Open yarikoptic opened 2 years ago
@yarikoptic I'm not entirely clear on the behavior you're describing. Do you mean that a thus-decorated function should detect copies (How?) and memoize them as though they were the original path?
I was thinking about something like if we have
@cache.memoize_path
def decorated_func(path, ...):
.... whatever ...
and decided to copy file from src_path
to dest_path
(well, could also be "move" instead of "copy"), we could do
copy(src_path, dest_path)
cache.memoized_path_copy(decorated_func, src_path, dest_path)
which would then copy all memoized/cached invocations for the decorated_func for the src_path
so they would also be known for dest_path
@yarikoptic This might be possible depending on the underlying functionalities of joblib; I've brought this possibility up in a related issue there.
not sure if we would see desired development in joblib done/accepted in the nearest future... may be only if we send a PR for some alternative (probably based on FileSystemStoreBackend) backend which would provide desired interfaces/functionality.

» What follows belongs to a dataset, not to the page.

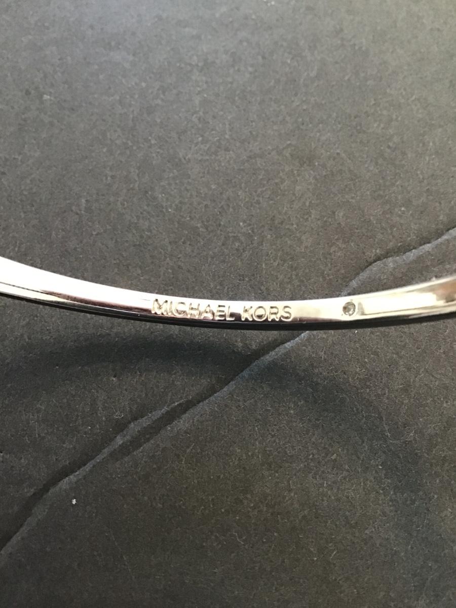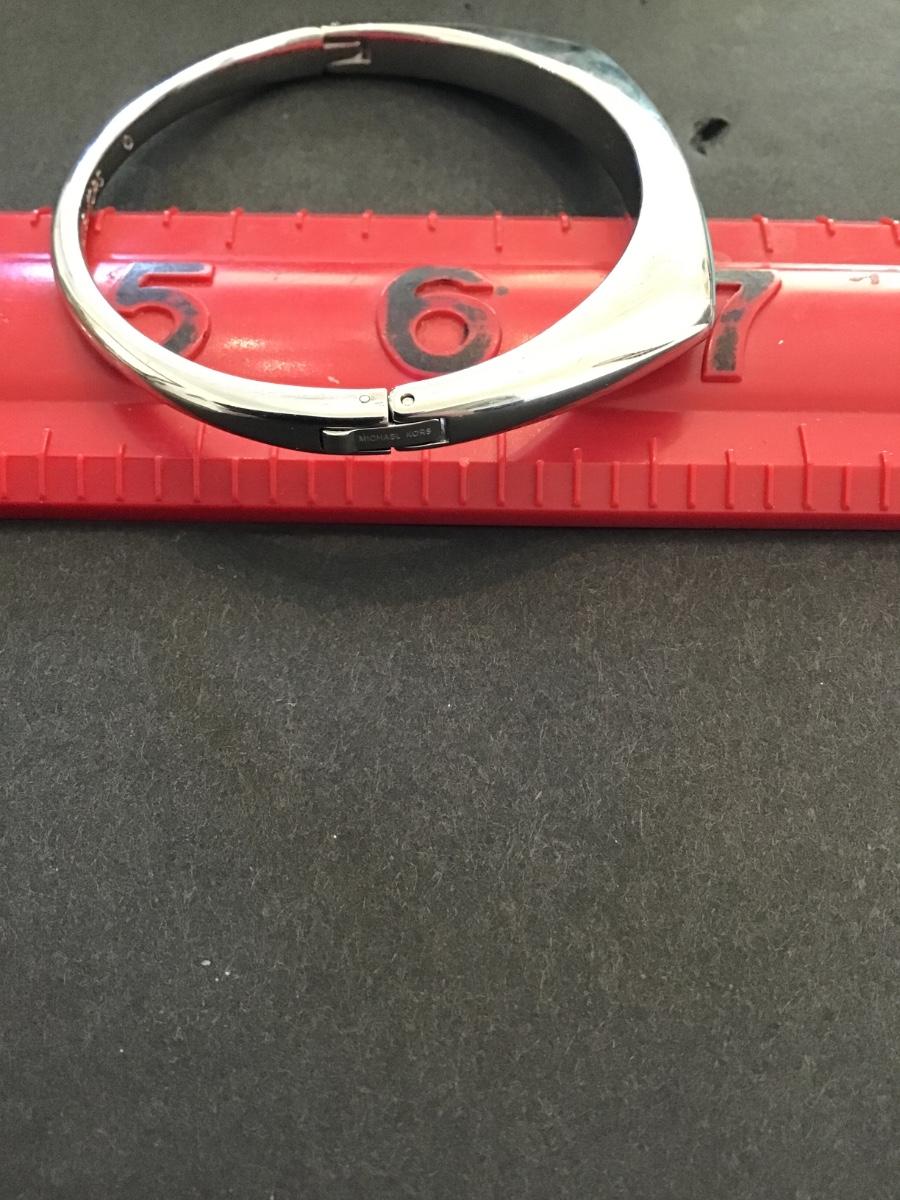 Very nice SilverTone Michael Kors hinged bracelet with turquoise stone. Please see attached photos.

Meanwhile tried already existing interface to get information about all entries in the cache:
(dandisets) dandi@drogon:/mnt/backup/dandi/dandisets$ time python3 -c 'from dandi.support.digests import checksums; c = checksums._memory.store_backend.get_items(); print(len(c)); print(c[0]);'
55341
CacheItemInfo(path='/home/dandi/.cache/fscacher/dandi-checksums/joblib/dandi/support/digests/get_dandietag/75ce6b526d6e61faac02b4164ac645c5', size=641, last_access=datetime.datetime(2021, 6, 29, 21, 55, 31, 925287))
real 0m3.325s
user 0m2.399s
sys 0m1.141s
and that was a "warm" run, original one was probably twice longer. But it is on drogon which "saw too much" (over 50k entries) and for a typical user, and probably having mv
not that common -- this should be ok. So we can identify cache entries associated with a path easily and through an existing interface. The question would be either it would be possible to copy
them into a new entry (with adjusted path and last_access)?
@yarikoptic Copying modified entries depends on too many implementation details of joblib.Memory
which, at best, are managed via functions with no public documentation whose names start with underscores. If we want to be able to do this reliably, we need cooperation with joblib; see https://github.com/joblib/joblib/issues/1237 or start a new issue.
In the light of https://github.com/dandi/dandi-cli/issues/848 discussion to allow for more efficient caching of digests, I wondered if it would be feasible to provide something like
memoized_path_copy
which would copy all (?) memoized invocations for a specific decorated function as they were invoked for another "new" path.ATM, looking at the code, and since we rely on joblib memoization and otherwise do not track what specific parametrizations of the function were used, I really do not see how we could even do that. But may be you @jwodder see some way to provide such functionality?